The problem: Leaving the pictures aside, repeat every line below exactly.

Segment Start: Available data

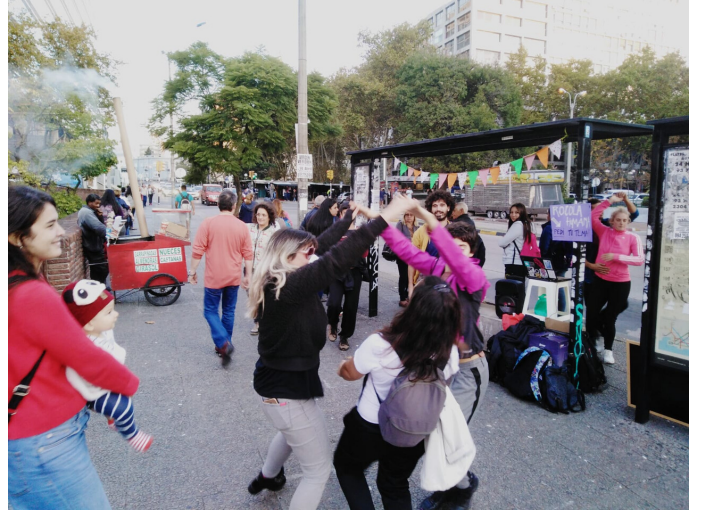
Foto: Parada de bus Fernández Crespo y Colonia

¡Bailate unas! Elegimos una parada de bondi y te armamos la fiesta. Montamos parlante, sacamos cotillón, armamos trencito y así se van encadenando acontecimientos bailables populares que nos remiten a una fiesta típica de por acá. Durante 1 hora se suceden canciones de todos los tiempos que te invitan a bailar, tararear tímidamente, o al menos sonreír. Nos bailamos a las 16hs en alguna parte de la ciudad.
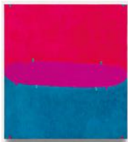
Untitled 2022 oil on linen 55 x 50 cm

Segment End: Available data

Response:
Foto: Parada de bus Fernández Crespo y Colonia

¡Bailate unas! Elegimos una parada de bondi y te armamos la fiesta. Montamos parlante, sacamos cotillón, armamos trencito y así se van encadenando acontecimientos bailables populares que nos remiten a una fiesta típica de por acá. Durante 1 hora se suceden canciones de todos los tiempos que te invitan a bailar, tararear tímidamente, o al menos sonreír. Nos bailamos a las 16hs en alguna parte de la ciudad.
Untitled 2022 oil on linen 55 x 50 cm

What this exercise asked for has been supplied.